Effects of the Invention As described above, the present invention has a first sheet formed with a high-pressure valve seat at one end of a cylindrical body and provided with a high-pressure refrigerant inlet and an outlet pipe. A first leaf valve that opens and closes the valve seat by refrigerant pressure, a spring and its guide that urges the first leaf valve toward the high-pressure valve seat, a through hole in the center, and is fixed by the main body and a roll caulking part. and a second seat having a valve seat molded with an insert resin at the end thereof to constitute a high pressure valve part, and a low pressure valve part which is positioned and inserted by the inner circumferential convex part of the main body and fixed to the main body by a roll caulking part. The other end of the main body is configured to form a low-pressure refrigerant inlet pipe by shrinking the pipe, which reduces the number of parts and allows the internal parts to be sequentially assembled into the cylindrical main body and machining of the roll caulking part. Since it can be fixed in place, assembly work efficiency can be greatly improved, and since the valve seat is made of resin, sealing performance with the valve can be improved, making it possible to realize an excellent fluid control valve with great practical effects.
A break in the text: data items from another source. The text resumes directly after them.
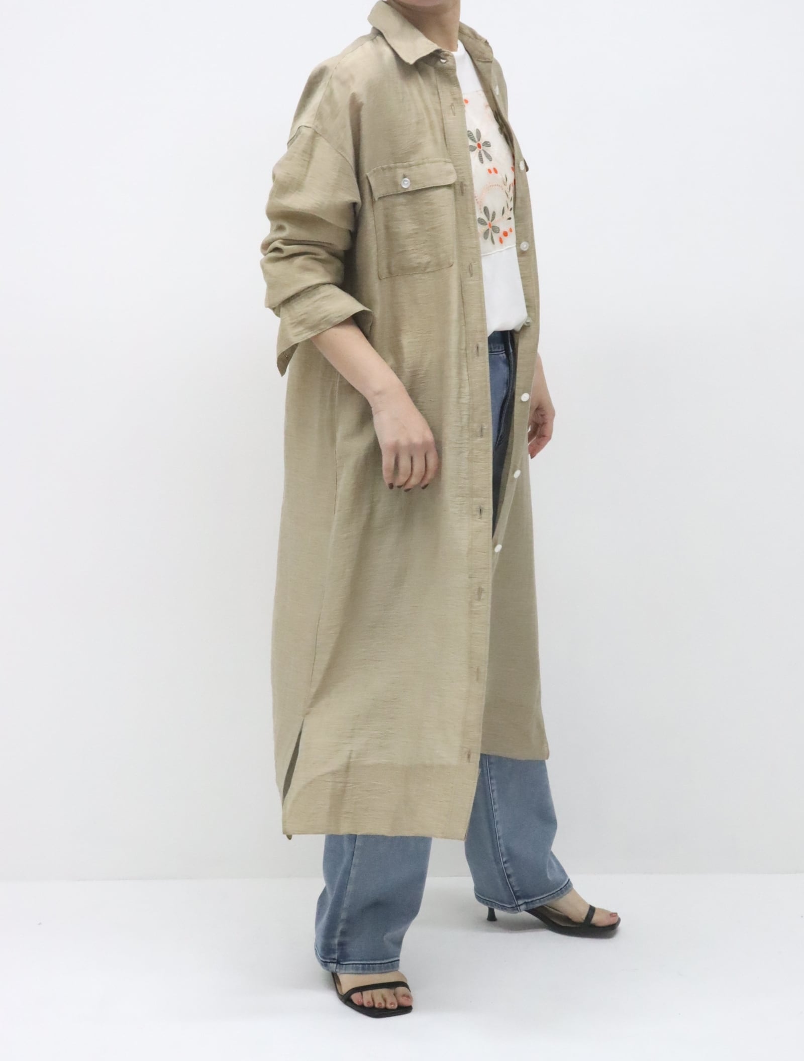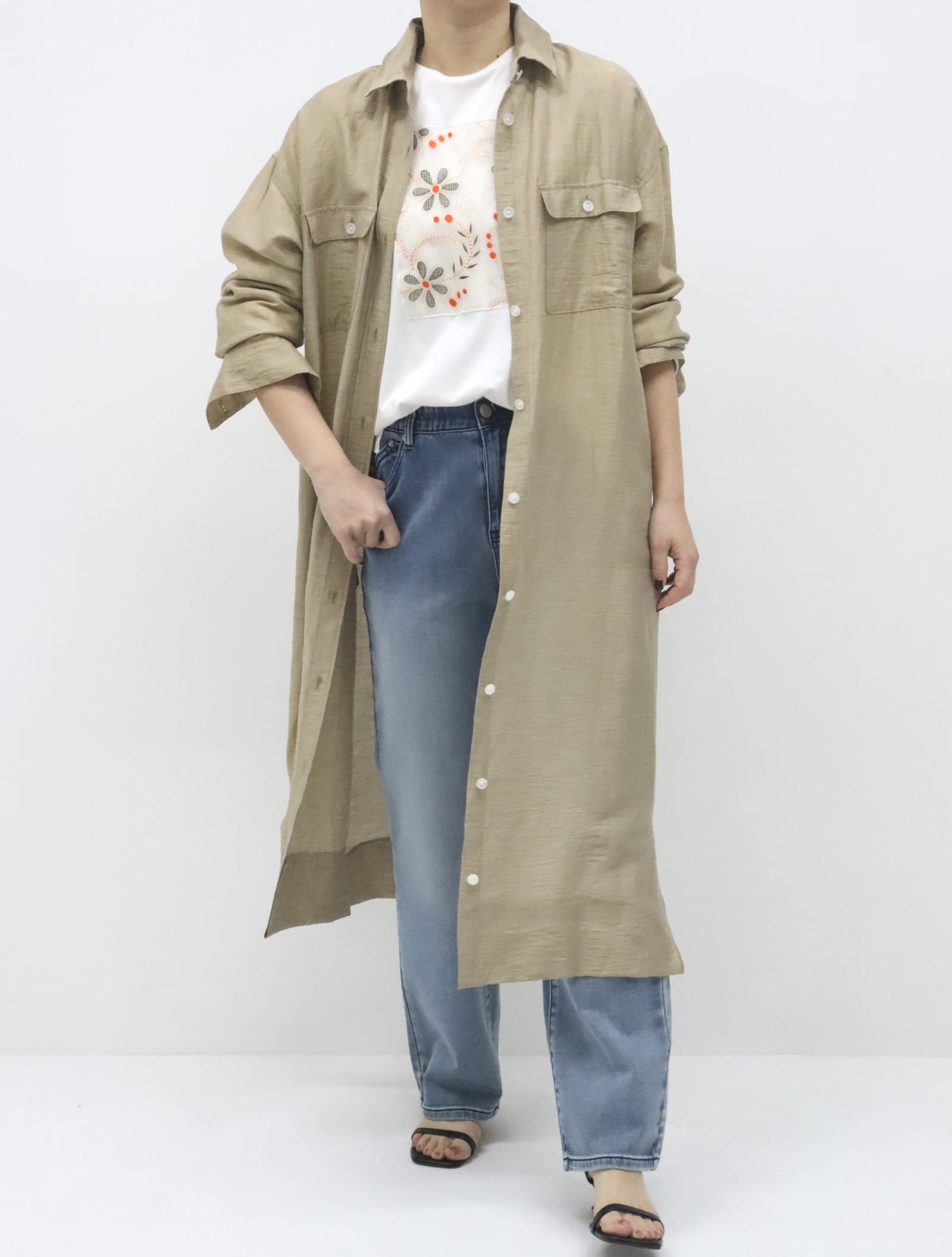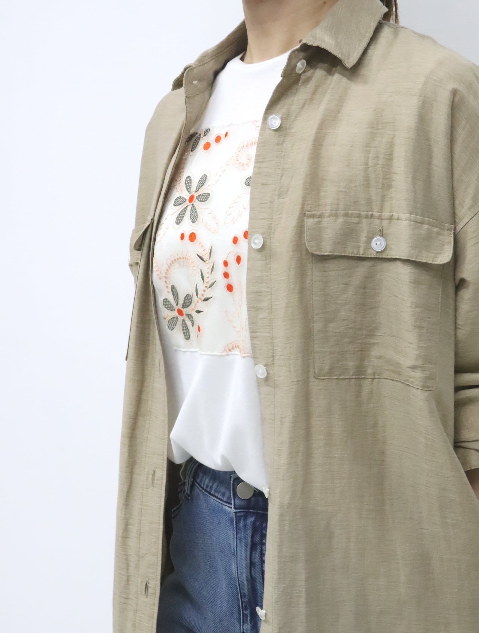ワンピースとしても、前を開けて羽織としても着用可能です。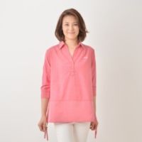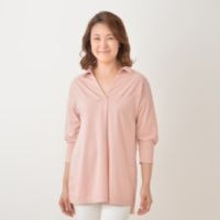 伸縮性のあるカットソー素材で仕立てた、楽な着心地のスキッパーシャツです。UVケアーの機能素材で、気になる日差しを軽減。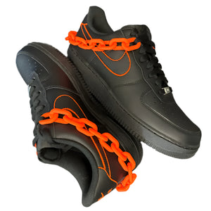 Designed for risk-takers like you, this black Nike AF1 features vibrant flaming orange accents on the swoosh and backtab. Complete the look with the neon linkup chain. Dare to stand out from the crowd and elevate your style with this bold and dynamic shoe.
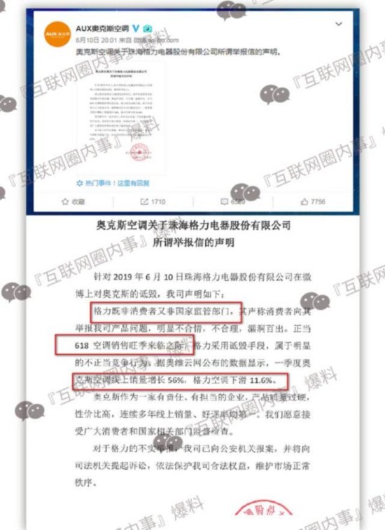 6月10日下午,格力电器官方微博一则关天奥克斯空调产品不合格的举报信,成为一场“大战”的导火索。随后,格力与奥克斯便开始了你来我往的“互怼”,言辞激烈,互不退让。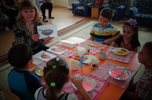 Оксана Петровна Киселёва, воспитатель средней "Б" группы знакомит детей с новыми татарскими словами.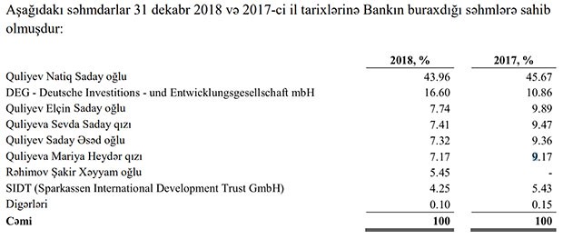 “Marja” Bankın İllik hesabatına istinadən xəbər verir ki, əsas səhmdar Quliyev Natiq Saday oğlunun payı 2017-ci ilin sonunda 45.67% ikən, 2018-ci ilin sonunda 43.96%-ə düşüb. DEG-in payı isə 10.86%-dən 16.60%-ə yüksəlib.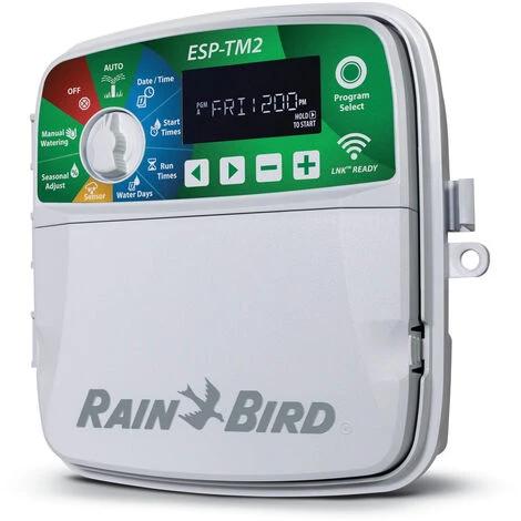 Le contrôleur d’irrigation ESP-TM2 est le choix idéal pour les installations résidentielles de base. Suite à la longue tradition de l’Utilisation Intelligente de l’eau (l’utilisation intelligente de l’eau) Rain Bird, ce contrôleur offre des fonctionnalités d’économie d’eau simple qui réellement utiliser. Grâce à la flexibilité offerte aux 3 programmes et 4 heures de démarrage par programme, vous pouvez personnaliser votre programme d’arrosage pour répondre aux besoins de votre jardin. L’ESP-TM2 a l’interface de programmation simple supplémentaire (programmation extrafácil) qui est utilisé dans une longévité intégrée du pilote.LNK comprennent le module WiFi qui permet la programmation, le fonctionnement et de réception à distance des alertes par application mobile Rain Bird.Station temps de fonctionnement: 1 minute à 6 heuresLes jours sans activité permanente (pour la programmation de jours impairs, même ou cyclique)Stockage et récupération Entrepreneur programmes par défaut et le commerce;Largeur: 20.1 cm (7,92 pouces). Taille: 20 cm (7,86 pouces). Profondeur: 9 cm (3,51 pouces)

[Brief explanation of drawings]

FIG. 1 is a sectional view showing the fluid control valve in an embodiment of the present invention when the refrigeration system is stopped, FIG. 2 is a sectional view showing the refrigeration system in operation in FIG. 1, and FIG. 3 is a conventional fluid control valve. FIG. 2 is a cross-sectional view of the valve showing a state in which the refrigeration system is stopped. 32...High pressure valve part, 33...Low pressure valve part, 34...Main body, 36...First seat,
37... High pressure refrigerant inlet pipe, 38... High pressure refrigerant outlet pipe, 39... High pressure valve seat, 4o...
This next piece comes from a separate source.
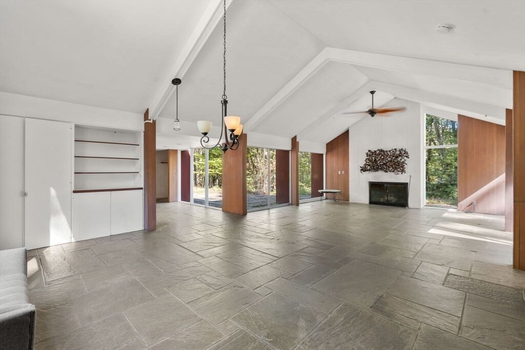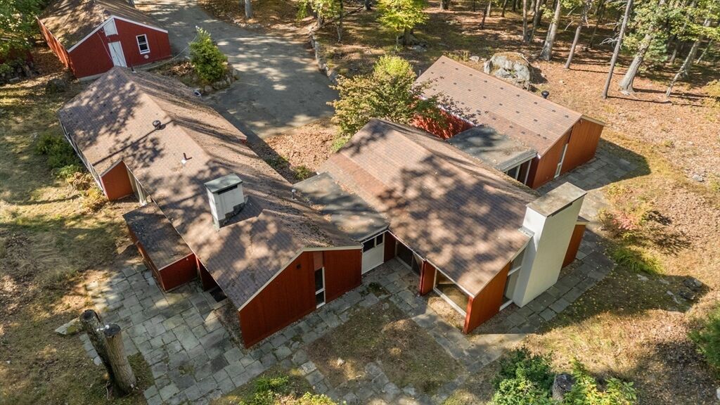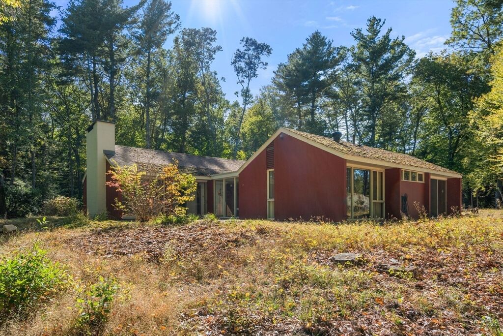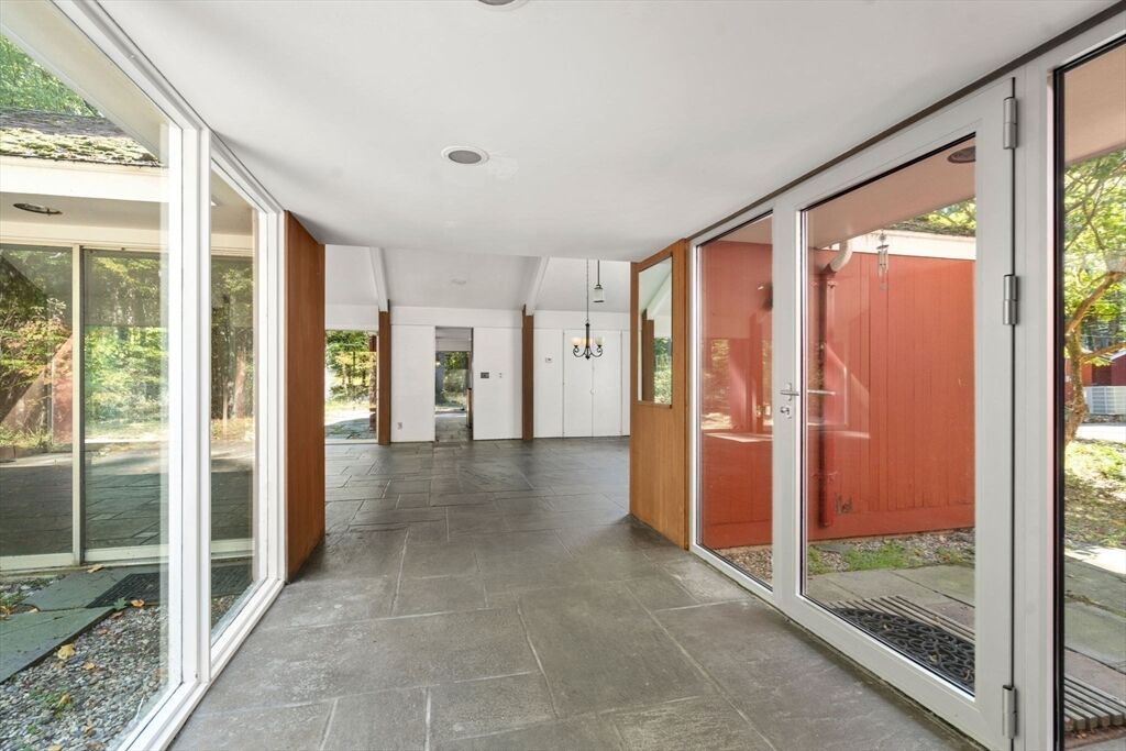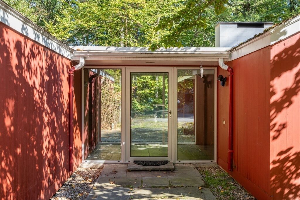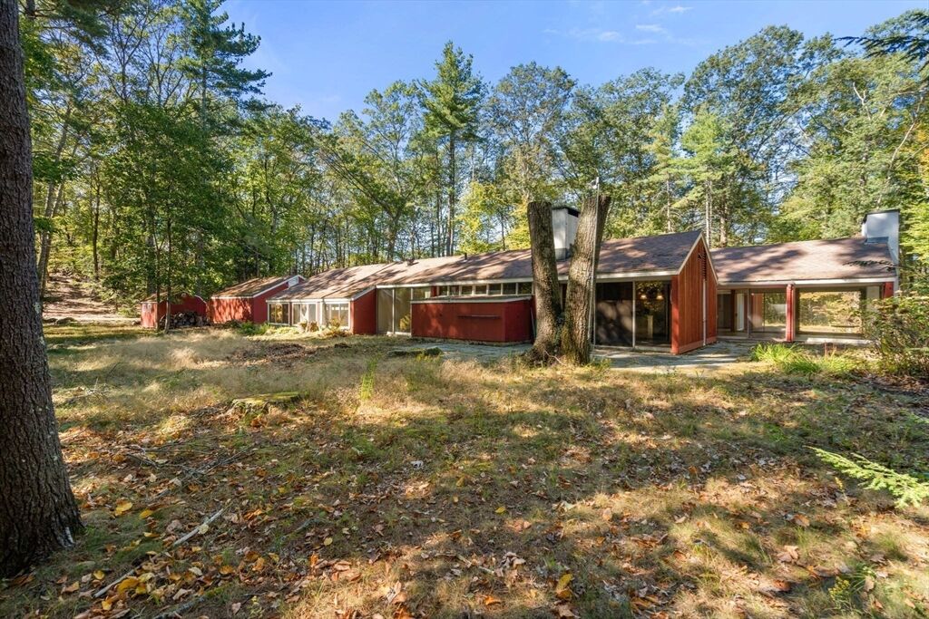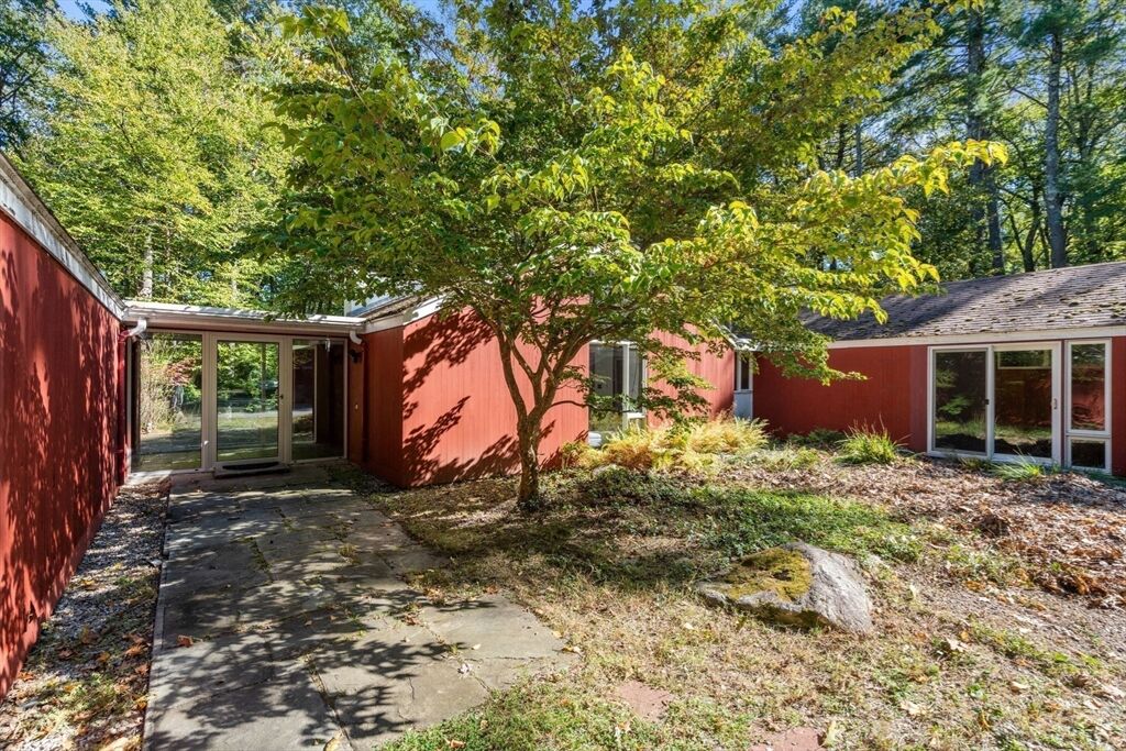Quintessential Hoover & Hill-designed mid-century modern on an unspoiled five-acre lot. A perfect ecosystem of natural stone, trees, and open land – look for glacial erratics. The thoughtful 4-bedroom, 3-bath layout offers endless flexibility and is ideal for multi-generational families or an ADU. The courtyard layout allows each room a unique natural view. It has cathedral ceilings, stone floors, two fireplaces and copious built-in storage. Detached, oversized two-car garage/shop with electricity features two extra rooms, a storage loft, and potential for heating. Your separate office or studio? Located near the Gropius house, Carroll School, and DeCordova, it is a leisurely amble to Walden. This Mid-Century Modern residence maintains its integrity to the original architecture; however, this is a major project and is being offered as is, and is not in move-in condition. Title V to be provided by buyer. The drive is shared with the neighbor.

...First leaf valve, 41...ノ(ne, 42)
...Second sheet, 42a...Through hole,
43...K pressure valve seat, 44.49...Roll caulking part, 46...Guide, 47...
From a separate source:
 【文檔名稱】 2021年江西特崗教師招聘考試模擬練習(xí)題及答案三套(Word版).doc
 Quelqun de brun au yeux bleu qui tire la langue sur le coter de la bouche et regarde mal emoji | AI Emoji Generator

...Inner peripheral convex portion, 51...Low pressure refrigerant inlet pipe, 64
・・・・・・Pressure equalization pipe. Diagram

Claims (1)

[Claims] a cylindrical body with a low-pressure refrigerant outlet pipe joined to the side surface; a first seat joined to one end of the body to constitute a high-pressure valve seat and provided with a high-pressure refrigerant inlet pipe and a high-pressure refrigerant outlet pipe; a first leaf valve that is incorporated and opens and closes the valve seat of the first seat by refrigerant pressure; a spring that urges the first leaf valve toward the high-pressure valve seat; a guide for the first leaf valve; and a through hole in the center. The second seat has a valve seat at its end and is fixed to the main body by the roll crimping part, and constitutes a higher pressure valve part. A fluid control valve having a fixed low pressure valve portion, the other end of the main body being constricted to form a low pressure refrigerant inlet pipe, and the valve seat of the second seat being an insert molded product.